To increase the minor fragment count set the option planner.cpu_load_average. You can also increase the number of concurrent Parquet reader threads using store.parquet.reader.columnreader.async.

However, since your tests with faster compression codecs showed no improvements I think that your query is probably memory bandwidth bound, a common state of affairs for a single node cluster. To add more memory bandwidth to your cluster you'll need to scale horizontally e.g. 2x 16Gb Drillbits instead of 1x 32Gb Drillbit.
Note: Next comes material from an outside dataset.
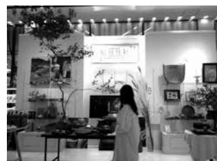
秋の山里を装った ディスプレイが好評

What do you see for TIME_DISK_SCAN? If that's also small then

On 2023/03/18 06:36, Prabhakar Bhosale wrote:
Hi James,
Thanks for your detail guidance. Please see my findings below

*You wrote*: GZip compresses very well but uses a lot of CPU during compression and
decompression. Try running a test with store.parquet.compression =
'zstd' (introduced in Drill 1.20.0). You can use CTAS statements in
Drill to create Parquet files compressed with Zstandard.
*Me*: I tried both lz4 and zstd also, but none of them seems to be giving any better results. Lz4 give some improvement but not considerable. In Operator metrics, lz4 is faster in decompression but that time is nullified by time_load_datepage and time_to_decode_datapage
For zstd the decompression time is same as that of gzip
On CPU utilization - querying to all 3 types of compressed files almost utilizes similar CPU,

*You Wrote:* If some columns or row groups need not be scanned, ensure that they are
being excluded by the query.
*Me: *Yes, this I had already tried and it improved the performance considerably. I had to sort the data while creating parquet files

*You Wrote: *Ensure that your Parquet files have been partitioned to a suitable size,
normally somewhere between 250 and 1000Mb.
*Me: *No changes made to drill defaults

*You Wrote:* For some data, setting store.parquet.use_new_reader = false will be
significantly faster.
*Me: *I am using drill 1.20.1, in this version, for this options it is written that "NOt supported in this version" and the value is false. I tried after making it true and the query could not complete even after 3 times of duration taken for gzip. so I think, this is not useful for my data.

*You Wrote: *If profiling the Drillbits doing the scans reveals that they are waiting
for data due to limited I/O throughput then consider faster storage.
E.g. Data locality in HDFS can be exploited by Drill to achieve higher
throughput.
*Me: *Operator Metrics "TIME_DISK_SCAN_WAIT" is less than 0.2 sec, so i don't think disk I/O bottleneck here.

*My additional observations are*
1. The operator metrics "TIME_VARCOLUMN_READ" is taking 19+ seconds as most of the columns query reads are of VARCHAR. is there any way to improve upon this? 2. the "numfiles" reported in physical plan is different for all 3 compression for same exact data and same query. The numfiles for gzip-109, lz4 - 161 and zstd-152. I was expecting this should be same for all 3 compression formats. Same is the case with NUM_ROWGROUPS operator 3. The minor fragments created under "PARQUET_ROW_GROUP_SCAN" are 6. I assume these are the number of parallel threads created to select data. Is there any setting that can allow me to create more minor fragments for this operator?

Thanks for reading this long email.

Regards
Prabhakar



On Mon, Mar 13, 2023 at 7:44 PM James Turton <[email protected]> wrote:

    GZip compresses very well but uses a lot of CPU during compression
    and
    decompression. Try running a test with store.parquet.compression =
    'zstd' (introduced in Drill 1.20.0). You can use CTAS statements in
    Drill to create Parquet files compressed with Zstandard.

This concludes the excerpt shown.